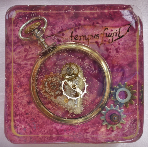 Darian Lajoie. Tempus Fugit; 3x3 inches; 2015; encaustic, found objects, resin. SOLD This clockwork heart looks like it is sinking through waves of time. Tiny bubbles fizzle up through the piece to heighten this effect.
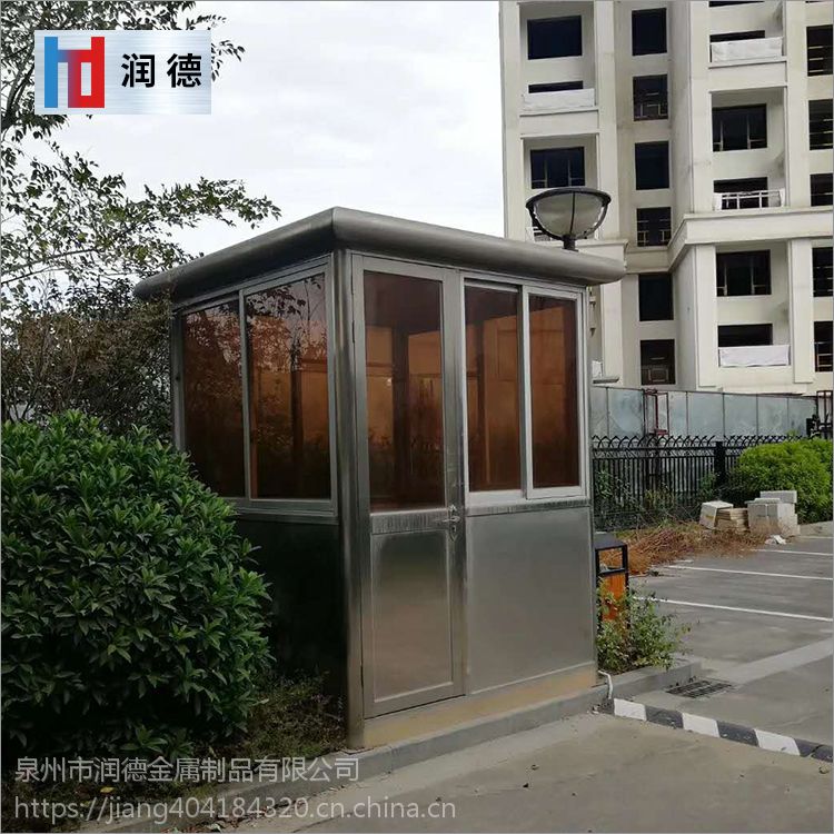 4、不锈钢方形岗亭成品现货门卫酒店值班保安岗亭所有岗亭留有空调及其它电器电源插座,方便使用。可根据您的特殊要求设计制造出不同款式的岗亭。
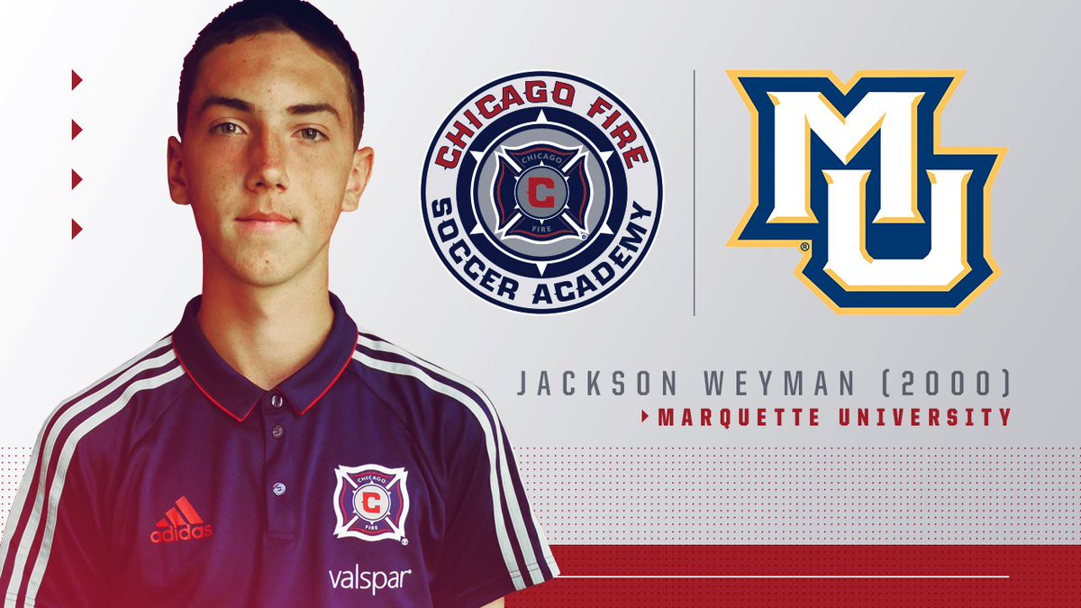 Congrats to @ChiFireAcademy player Jackson Weyman (1999) who recently committed to @marquettesoccer. After 4 successful seasons with the fire, the goalkeeper will continue his futbol education in @muathletics #cf97pic.twitter.com/GOljF0R4po
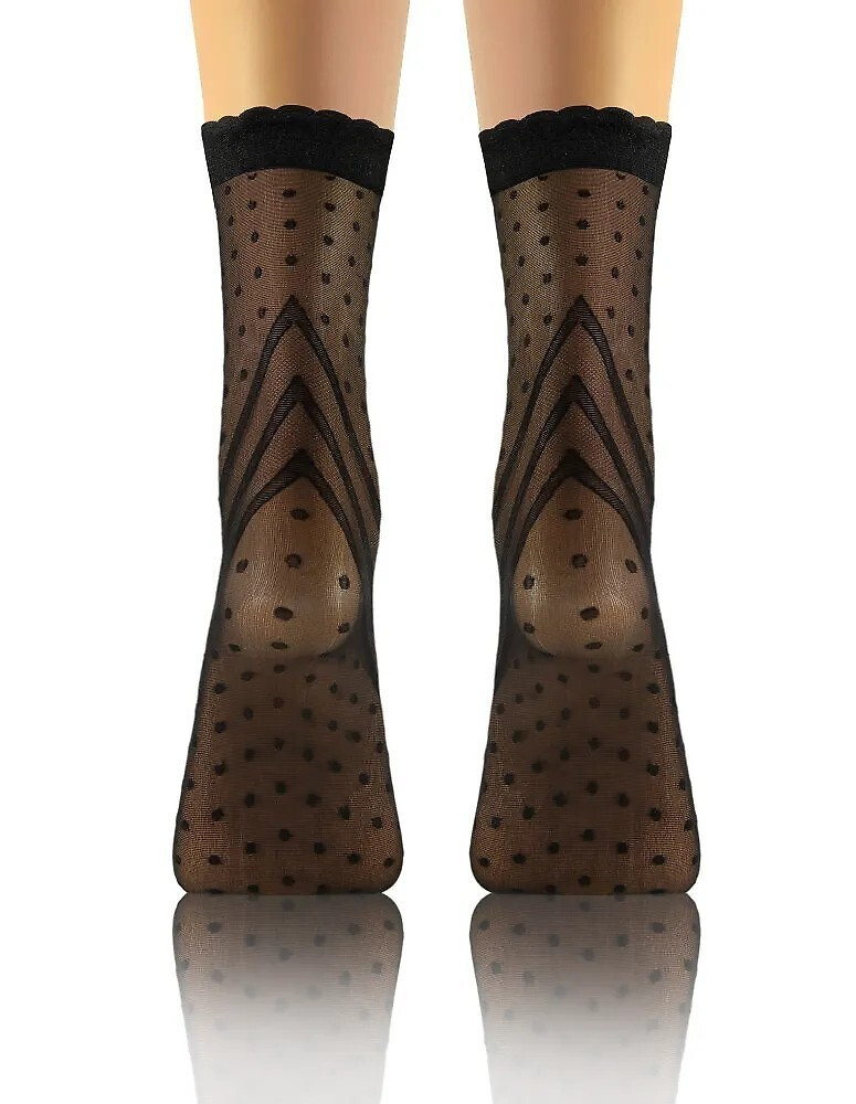 Tenké dámské ponožky - síťovina - zdobené poutavým vzorem - netlačící lem zakončený volánkem - baleno po dvou párech v plastovém sáčku Složení: 91 % polyamid, 9 % elastan
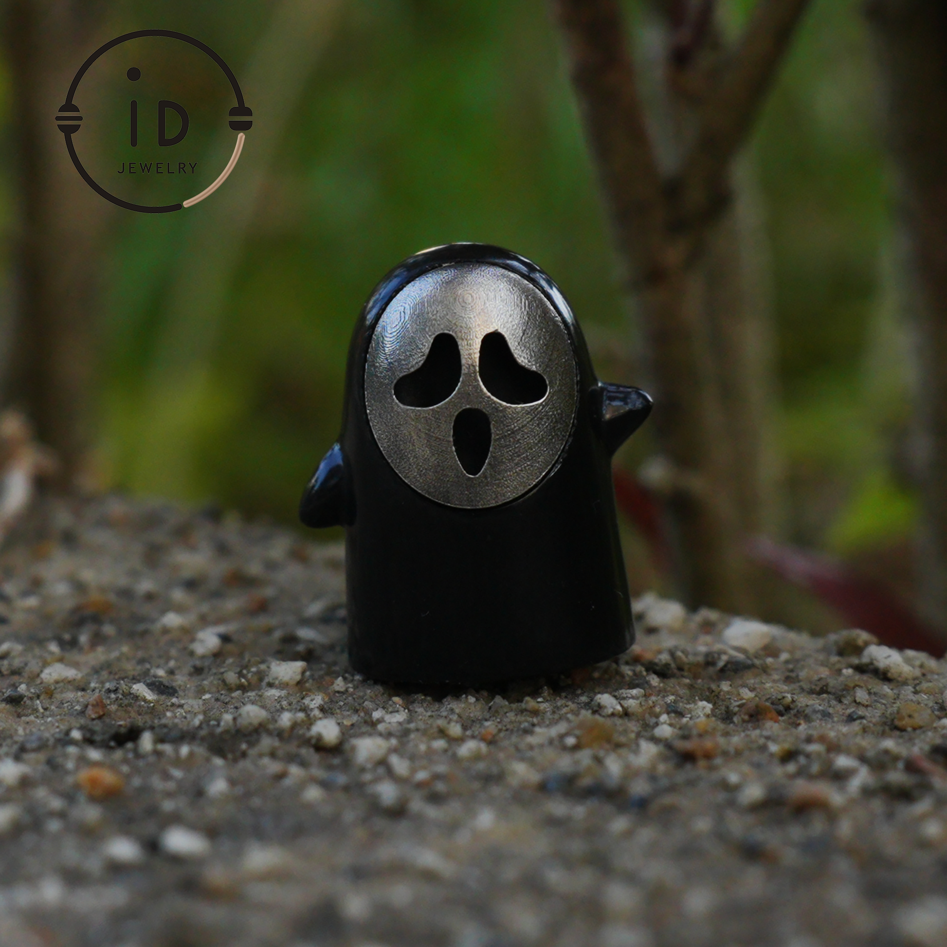 The black jade stands for protection and grounding, while the oxidized silver mask reflects boundaries and identity.
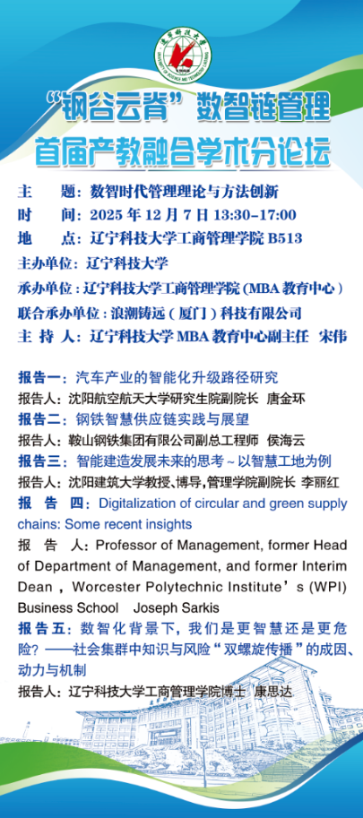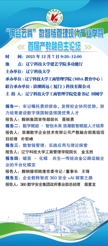 学术预告:“钢谷云脊”数智链管理现代产业学院首届产教融合主论坛
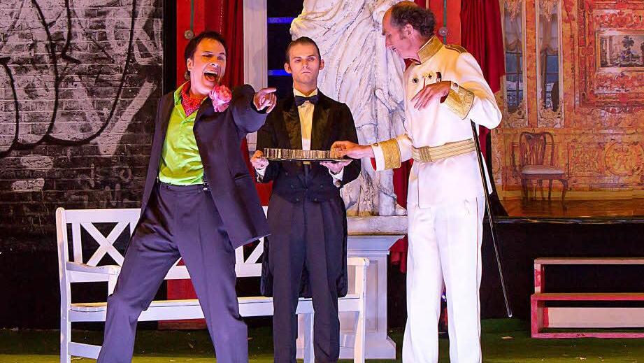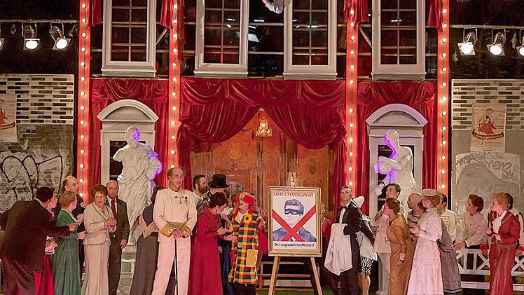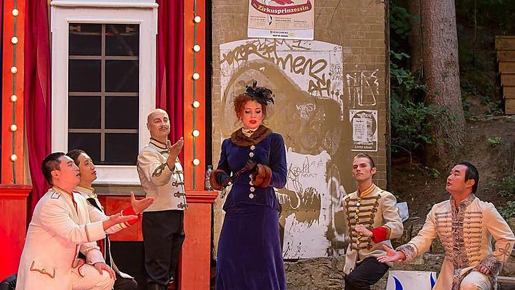 Stimmungsvolles Bühnenbild Der Himmel über Heldritt aber bleibt an diesem Abend unerbittlich grau. Immerhin lässt der Regen dann doch etwas nach, als die Ouvertüre zu Kálmáns "Zirkusprinzessin" ertönt. Das Spiel an diesem reichlich feuchten und schon herbstlich kühlen Abend kann beginnen. Und dieses Spiel heißt: Reiche Witwe liebt einen scheinbar mittellosen Außenseiter.
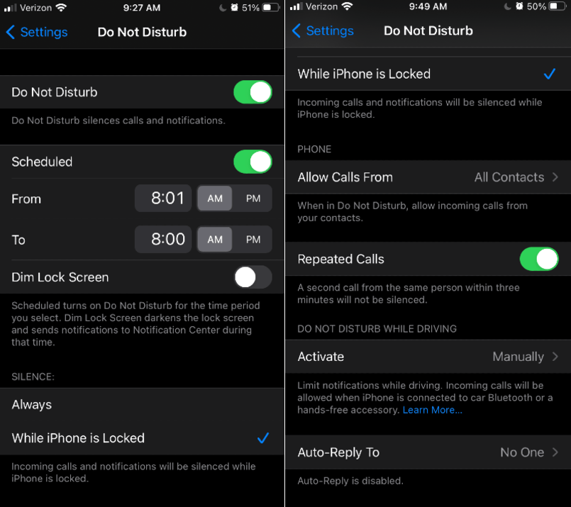 Great point! This was my number one concern and rightly so. I have kids that I am responsible for and I’m not about to let myself live my unplugged, chillin in the clouds lifestyle while my kid is on their way to the emergency room and the adult accompanying them cannot get ahold of me. So, what’s the solution? There is a setting where you can allow incoming calls from people listed in your Favorites or All Contacts. Just make sure you add your children’s school and anyone else that could be taking care of your kids to your contacts. Also, there is a setting where you can allow incoming calls from anyone (whether or not they are in your contacts) if they call twice within three minutes. One final thought on this- keep in mind that back in the day, our parents weren’t constantly available and we still survived emergency situations (for the most part… oh man that got dark quickly).
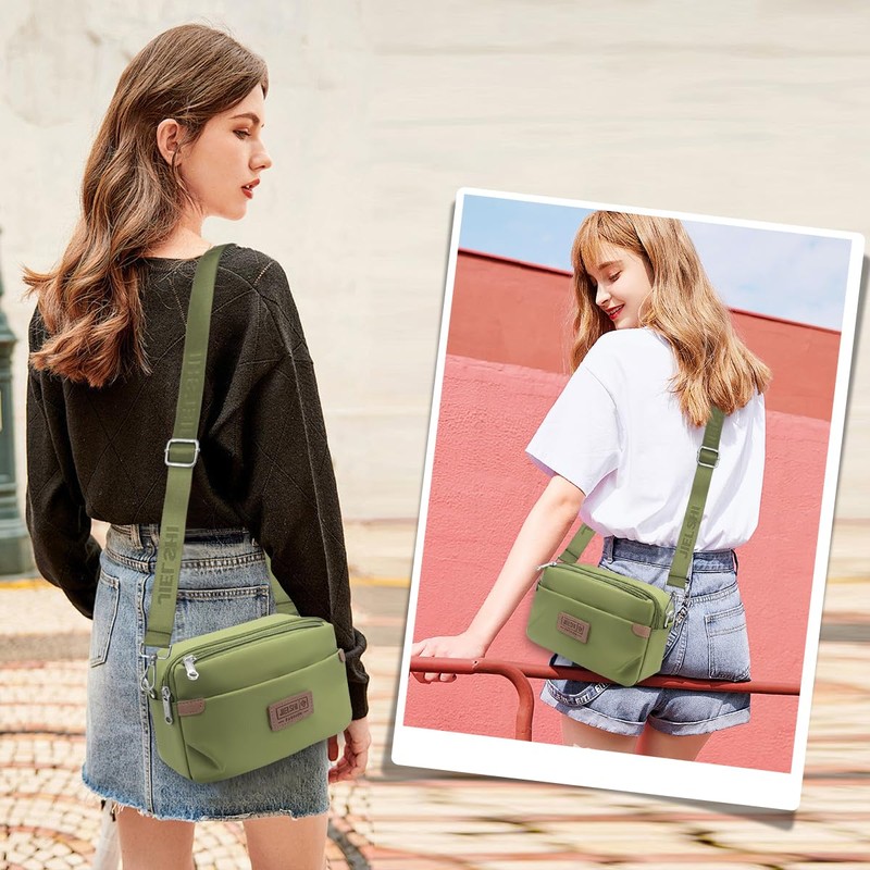 - Handbag with many pockets: the women's crossbody bag has 4 zip pockets, 2 side pockets and 1 anti-theft pocket on the back. The middle bag has a large capacity (including 1 small zip pocket and 2 inner pockets). You can categorize items in order, such as mobile phones, glasses, wallets, cosmetics, keys, cards and other everyday necessities.
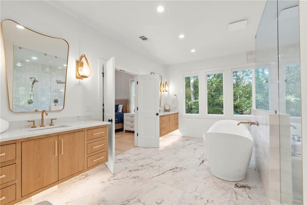 Welcome to Scandinavian sophistication in the Heart of Ashford Park. Step into a world where contemporary elegance meets timeless warmth. The extraordinary Ashford Park residence boasts refined living space. Step inside to the soaring two-story foyer with elegant staircase and dynamic lighting. The home boasts an open, light-filled layout perfect for entertaining. At the heart of the home lies a chef’s kitchen anchored by a grand island, top-tier appliances and a cozy breakfast nook framed by a stunning wood accent wall. The family room invites relaxation with custom built-ins, a modern fireplace, and seamless indoor-outdoor living through sliding doors that open to a covered patio with a second fireplace overlooking the walk-out backyard. Upstairs, retreat to your luxurious owner’s suite, a tranquil sanctuary featuring vaulted ceilings, a spa-inspired bath with double vanities, oversized walk-in shower, and free-standing soaking tub. The finished third level includes an additional bedroom with full bath and an oversized flex-room. All of this nestled within one of Brookhaven’s most coveted neighborhoods and with-in walking distance to Dresden Village with great shops and restaurants. This home is a work of art designed for living beautifully with top-rated schools and effortless access to Atlanta’s main arteries – I-85, I-400, I-75, and I-285. Owner’s recently gained approval from the city for additional sq footage to the property from adjacent alley ways.

> [ABOUT THIS TASK]: In the data above, find the line containing "4、不锈钢方形岗亭成品现货门" and the line containing "Congrats to @ChiFireAcademy". Copy exactly the stretch from the first through the second, both included, leaving out any picture.

> [RESULT OF THIS TASK]:
 4、不锈钢方形岗亭成品现货门卫酒店值班保安岗亭所有岗亭留有空调及其它电器电源插座,方便使用。可根据您的特殊要求设计制造出不同款式的岗亭。
 Congrats to @ChiFireAcademy player Jackson Weyman (1999) who recently committed to @marquettesoccer. After 4 successful seasons with the fire, the goalkeeper will continue his futbol education in @muathletics #cf97pic.twitter.com/GOljF0R4po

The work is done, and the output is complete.